▶ **WHAT TO PRODUCE**
When you transcribe the entries below, begin at their first line and stop after the line containing "Hi-Spec 25点工具セ"; pictures stay out.

▶ **SUPPLIED INFORMATION**
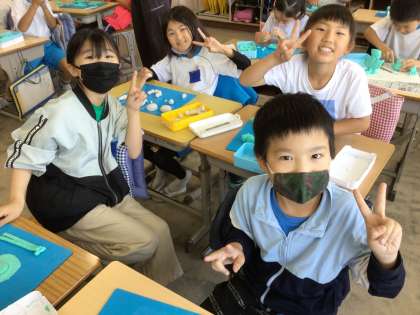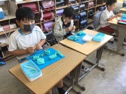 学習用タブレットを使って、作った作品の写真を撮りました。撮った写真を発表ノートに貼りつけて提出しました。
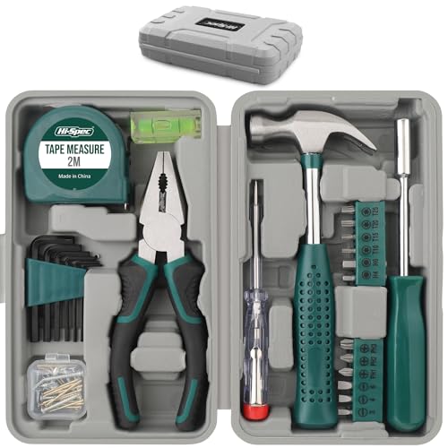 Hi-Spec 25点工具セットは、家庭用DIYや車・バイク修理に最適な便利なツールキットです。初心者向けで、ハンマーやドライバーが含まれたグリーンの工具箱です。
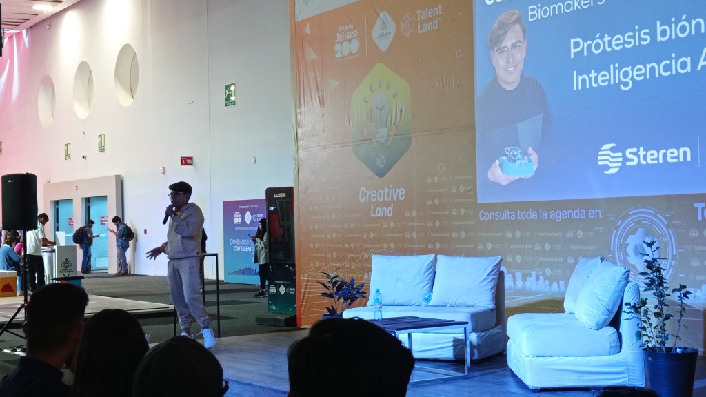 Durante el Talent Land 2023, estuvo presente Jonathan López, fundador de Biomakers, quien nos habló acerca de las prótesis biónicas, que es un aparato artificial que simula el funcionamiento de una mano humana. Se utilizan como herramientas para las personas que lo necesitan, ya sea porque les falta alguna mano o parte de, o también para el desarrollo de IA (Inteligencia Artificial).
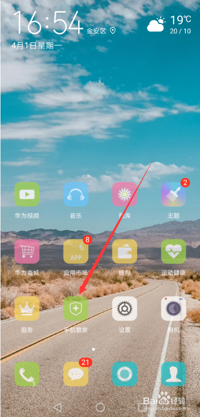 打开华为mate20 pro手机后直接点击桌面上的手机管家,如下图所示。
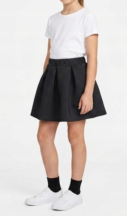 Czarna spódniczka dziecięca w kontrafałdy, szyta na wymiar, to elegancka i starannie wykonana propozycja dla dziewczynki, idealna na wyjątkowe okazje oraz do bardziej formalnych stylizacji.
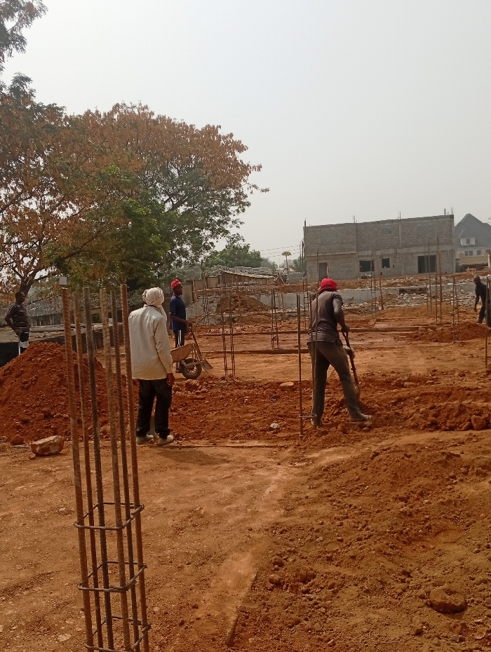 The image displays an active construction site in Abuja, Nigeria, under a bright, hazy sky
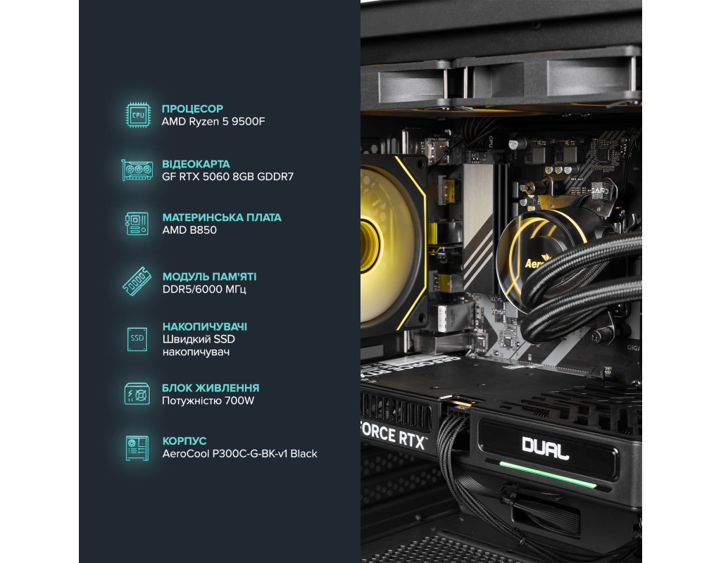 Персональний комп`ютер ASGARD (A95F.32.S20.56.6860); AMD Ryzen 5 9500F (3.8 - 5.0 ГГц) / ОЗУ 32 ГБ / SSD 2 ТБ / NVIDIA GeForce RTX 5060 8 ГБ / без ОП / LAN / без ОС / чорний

▶ **ANSWER BOX**
 学習用タブレットを使って、作った作品の写真を撮りました。撮った写真を発表ノートに貼りつけて提出しました。
 Hi-Spec 25点工具セットは、家庭用DIYや車・バイク修理に最適な便利なツールキットです。初心者向けで、ハンマーやドライバーが含まれたグリーンの工具箱です。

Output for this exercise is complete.